1

Assume that my list is:

[ [1,2,3,4], [ [[5], [6]], [7] ]]

After unpack, I want to get [1,2,3,4], [5], [6], [7]

How to do it with low time complexity?

4
  • 2
    What have you already tried to do? Commented Oct 15, 2015 at 4:21
  • [s for sub in L for s in sub] Commented Oct 15, 2015 at 4:25
  • 1
    Possible duplicate of Flatten (an irregular) list of lists in Python Commented Oct 15, 2015 at 4:28
  • What is the expected outcome of unpacking [ [ 1, 2 ], 3 ] ? Commented Oct 15, 2015 at 4:34

5 Answers 5

3

The linked duplicate flattens an iterable completely.
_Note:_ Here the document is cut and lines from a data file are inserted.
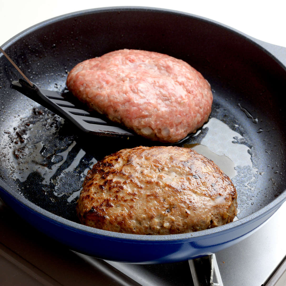 底面は厚く作られており、蓄熱性が高いためじっくりと均一に熱が伝わります。食材に均一な焼き目を付けたい調理にも向いています。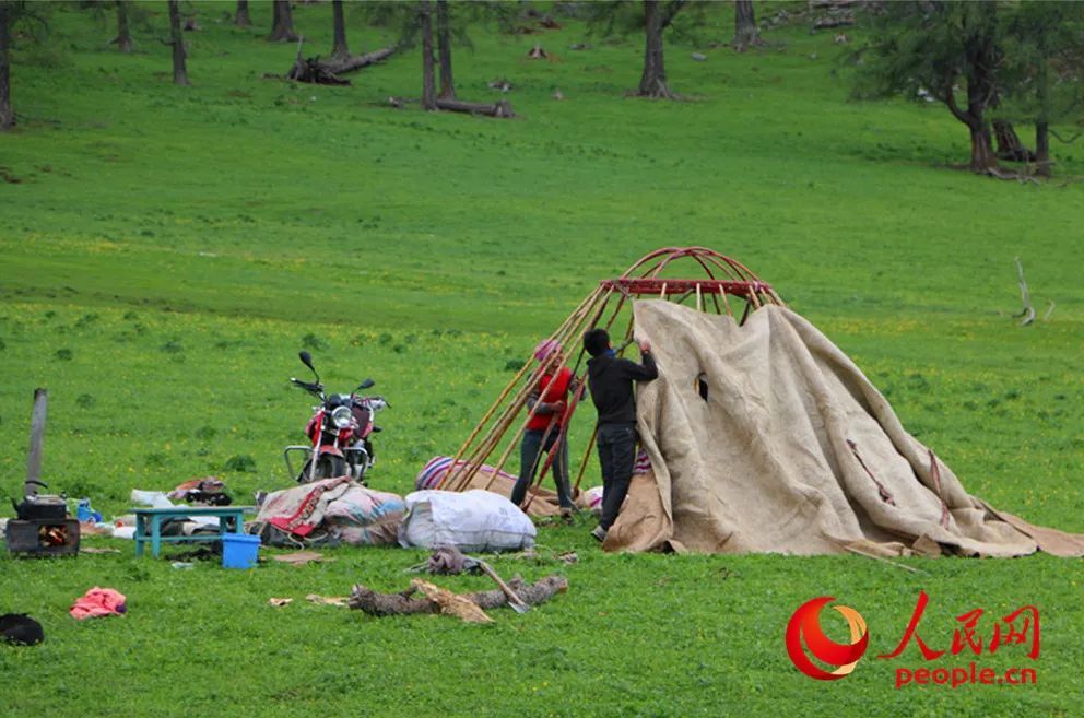图为阿勒泰牧民转场途中搭建临时住处。人民网记者 韩婷 摄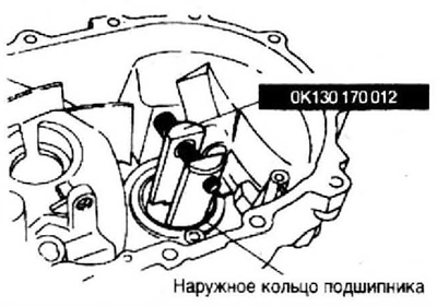17. При помощи отвертки снимите наружное кольцо подшипника вторичного вала из картера коробки передач.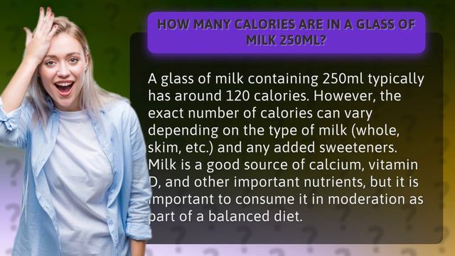 Curious about the calorie count in your favorite glass of milk? Look no further! In this informative video, we break down exactly how many calories are in a 250ml serving of milk. Discover how the type of milk and any added sweeteners can affect the calorie count, and learn why milk is an important part of a balanced diet. Don't miss out on this essential nutritional insight - hit play now!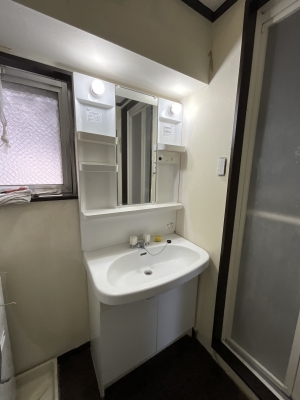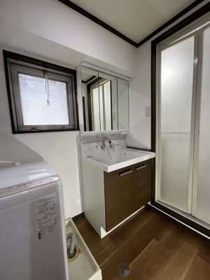 洗面化粧台取替工事 1面鏡、2ハンドル水栓から 収納3面鏡、シングルレバーシャワー水栓に取替 床クッションシート、壁クロス張り替えました。 工期2日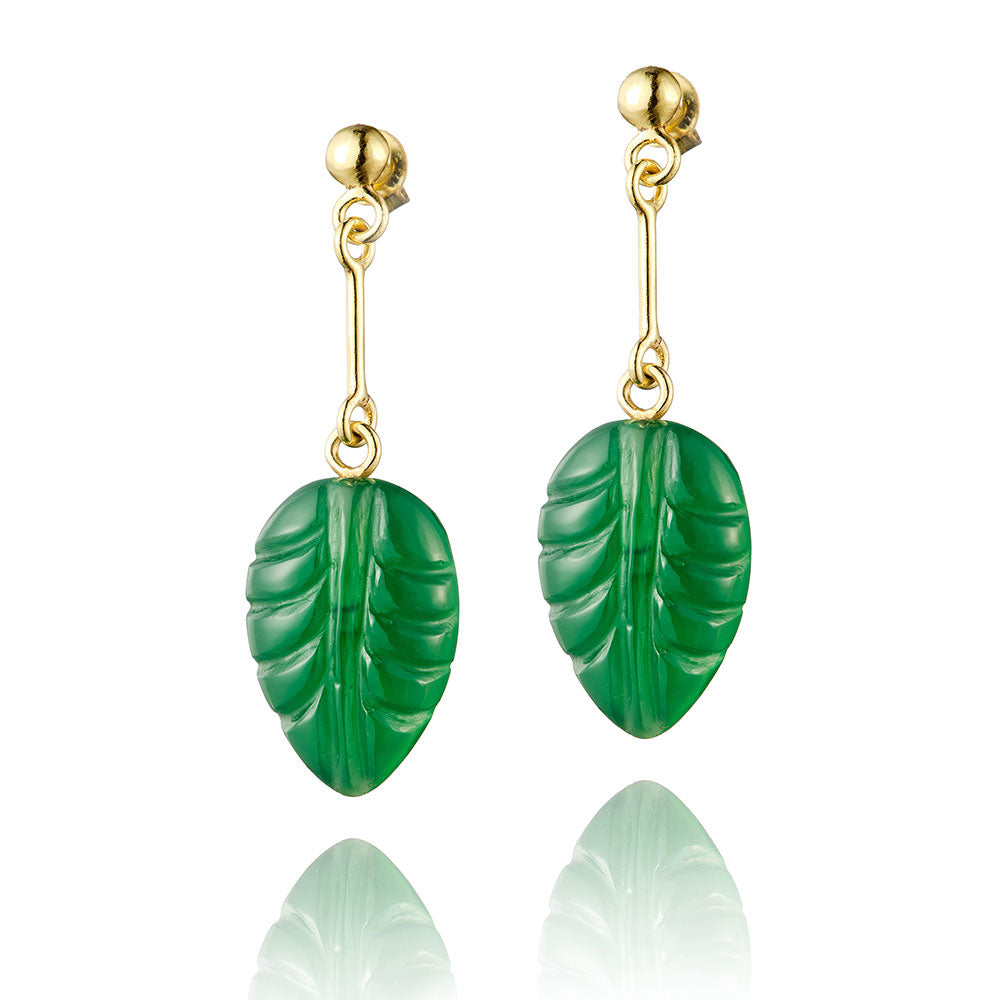 These earrings are a part of the Tahima jewellery collection, which takes its name from a princess in the epic Shahnameh poem and celebrates Afghan heritage and culture. The earrings feature a delicate, bold green onyx leaf inspired by the ornamentation found in the Noh Gunbad mosque in Afghanistan. The design echoes the hand-carved stucco that decorates the mosque's columns and archways, while the semi-precious green onyx stone reflects the colours used in the mosque's decoration.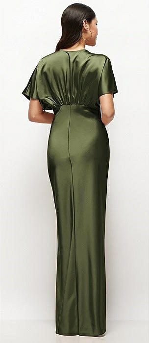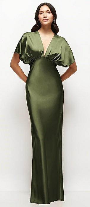 Plunge Neck Kimono Sleeve Satin Bias Maxi Dress in olive green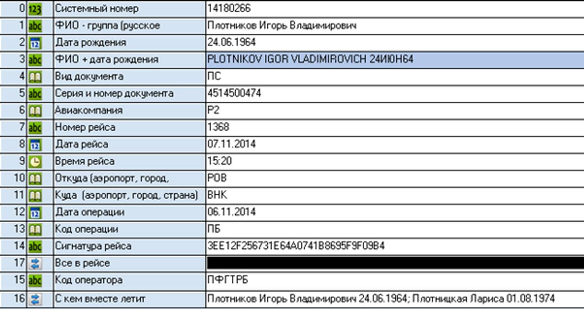 Паспорт прикрытия обнаружился и у Плотницкого, причем из-за той же ошибки, что и у Гиркина: он летал по нему вместе с женой Ларисой Плотницкой (которая, как сообщается, скончалась в 2020 году).

You just need a slight tweak to make the process stop one step earlier:

import collections
def flattish(l):
    for el in l:
        if isinstance(el, collections.Iterable) and not isinstance(el, str):
            if any(isinstance(e, collections.Iterable) for e in el):
                for sub in flattish(el):
                    yield sub
            else:
                    yield el
        else:
            yield [el]

The any(... will check if that iterable contains any iterables. This will flatten something like [1, [2, 3]], but leave [5] as-is. Additionally, the yield [el] ensures that any non-iterables will be contained in a list, so your result will be a list that contains only lists, some of which may have only a single element.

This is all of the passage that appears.